Wing Commander 2 was the last (?) game where tankers are evident. They are also the last game without evident ramscoops on the majority of the ships (the Gilgamesh has some over-wing ports with red dots that seem similar). I know from fiction (End Run, Fleet Action) that ramscoops were common prior to the battle of Earth and were equipped on small patrol craft such as Ferrets. Do we know if there is a (deliberate) correlation between the lack of tankers and the visible ramscoops, and what the purpose of a tanker would be if even small craft could scavenge their own fuel?
You get a ramscoop! You get a ramscoop! Everybody gets a ramscoop! (Every Wing Commander ship has a ramscoop.)
Short answer: no, no correlation between the rise in references to ramscoops and the decline in tankers. The ramscoops are actually an Origin concept... and there are plenty of tankers in later games and stories!
I believe the ramscoop idea first appeared in the 1991 licensing bible, which is why it's so prevalent in the novels. It was the handwavium that Origin came up with circa Wing Commander 2 to explain how the ships work... and writers like Dr. Forstchen who had never played the game assumed it was a big part of the lore.
The concept is that the ramscoops slowly take in hydrogen which allows the ships to maintain their cruising speeds like a real aircraft (versus real spacecraft, which carry a few seconds worth of fuel and mostly travel based on momentum and orbital mechanics)... which is what you see in the games.
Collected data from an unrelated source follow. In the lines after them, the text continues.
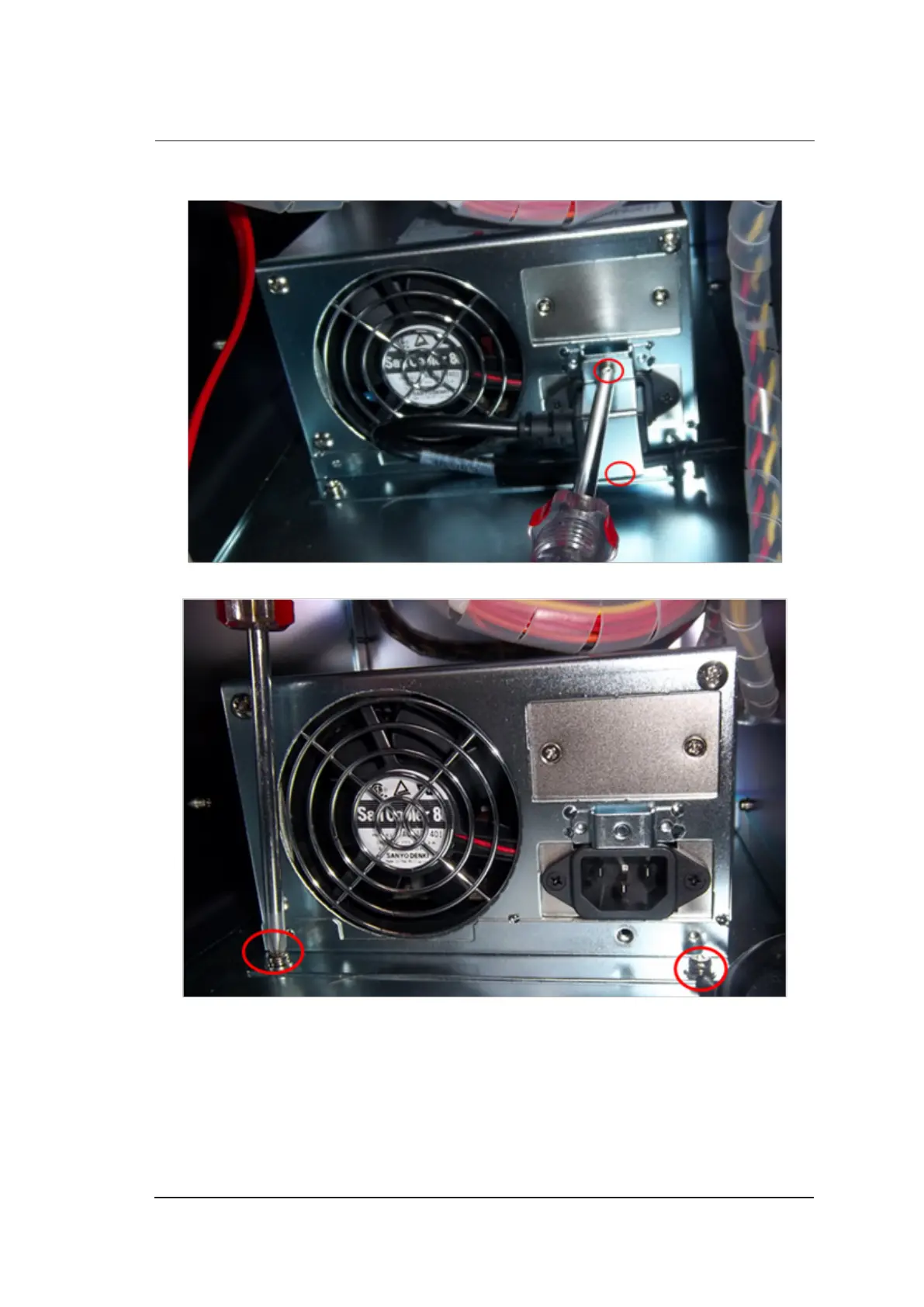 6. Pull out the power supply conversion cable, remove two screws to take out the power supply.
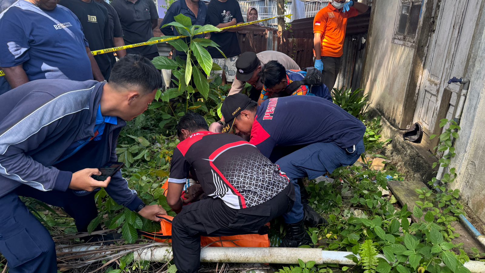 Kecamatan Johan Pahlawan, digemparkan dengan penemuan seorang pria yang sudah tidak bernyawa pada Sabtu 20 September 2025 siang, yaitu warga Gampong Ujung Kalak, Dusun 2 Samudera Lorong Ikhlas Dalam, ditemukan dalam posisi telungkup dan tersandar di pintu belakang rumah warga sekitar pukul 14.30 WIB. Foto : Mardi/haba RAKYAT.
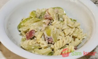 Ovaj recept za fusile sa slaninom i zelenom tikvicom je izvanredna varijacija paste koja će se posebno
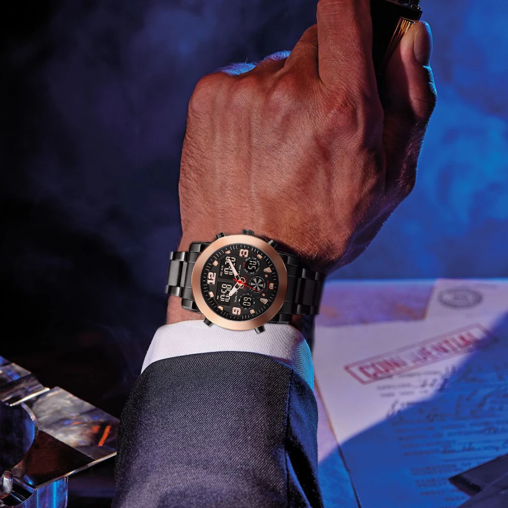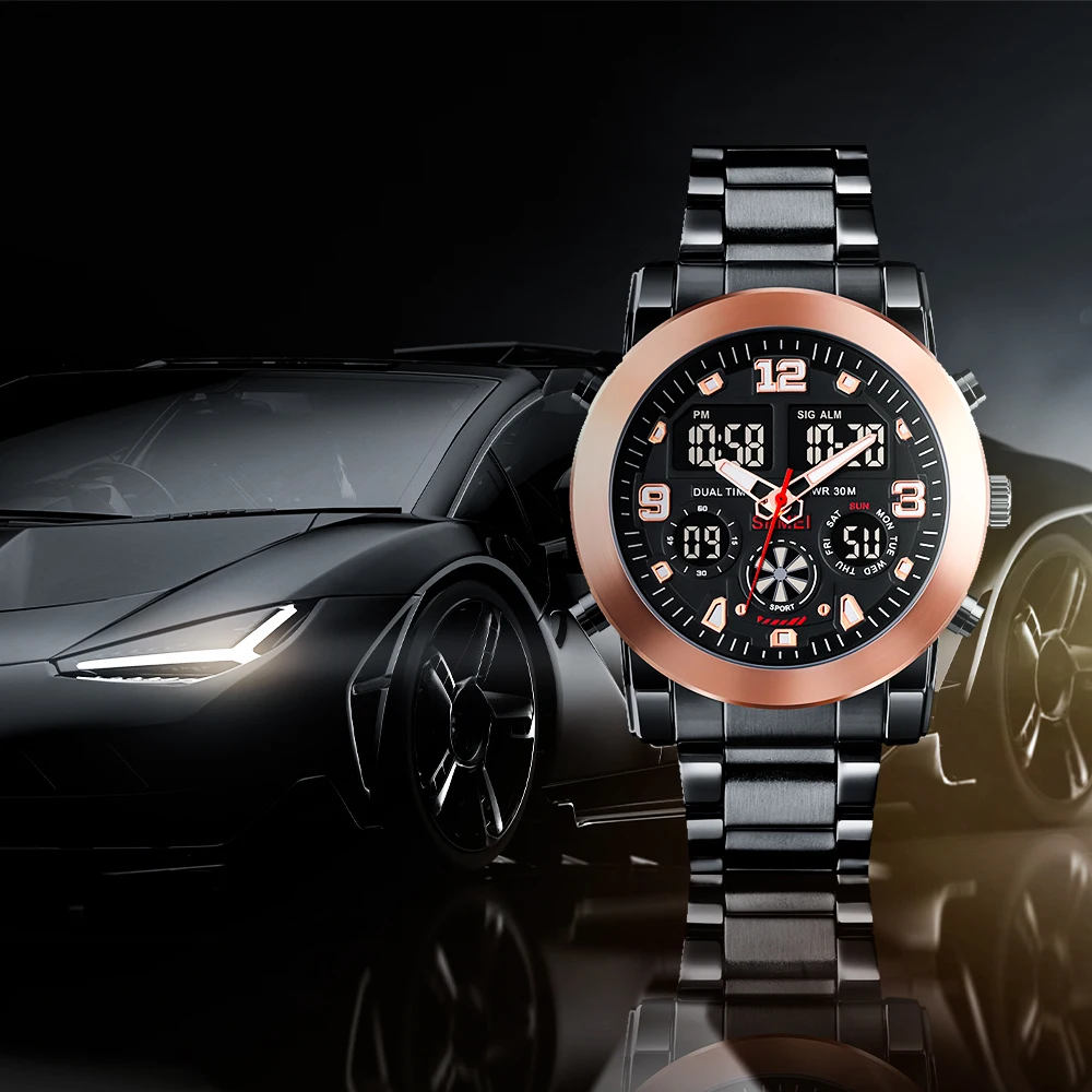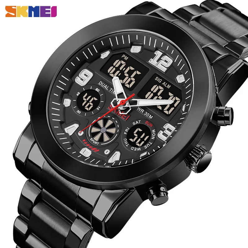 Часы SKMEI мужские с хронографом, модные цифровые повседневные с ремешком из нержавеющей стали, 3 раза, 1642
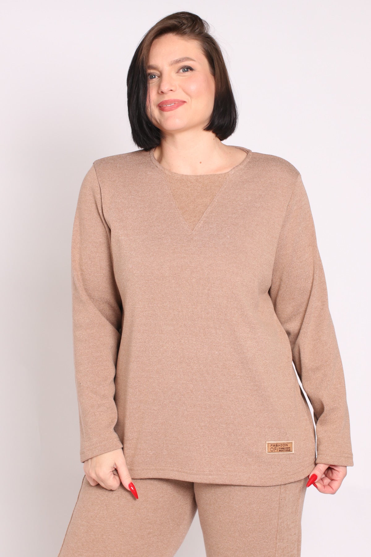 - חולצת סריג נעימה עם עיטור פאצ' בחלק התחתון

Faster speeds (especially afterburners) burn down your fuel much more quickly than the ramscoops can hope to replenish your tanks. Then the other thing that burns fuel quickly is jumping. It's not a coincidence that the tankers we 'interact' with in Wing Commander II and Prophecy are there to replenish fuel used during jumps and afterburners, respectively.
As we see in Action Stations, a ship that runs out of fuel is essentially screwed--it needs to idle for days/weeks/months to scoop in enough hydrogen to fly anywhere again. (Note also that regular flying isn't a 1:1 thing... in continuity you do eventually run out of fuel. It's just a way to make the spacecraft behave more like fighter planes.)
What you're seeing with the clear 'intakes' in Wing Commander III forward is a conscious attempt on the part of the designers to have a unified design for the ships, per Chris Roberts' edict that the designs be more "realistic".
WC3 also has tankers (the Torgo Behemoth series). I don't recall any tankers in WC4 (hopefully my memory is working since I just replayed it this weekend).
No tankers in WC4, although you are specifically ordered to land between attacks on the Vesuvius for refueling. And Peleus is "a major source of fuel".
Also relevant to the original question--tankers actually show up in every single Baen novel (and Pilgrim Truth).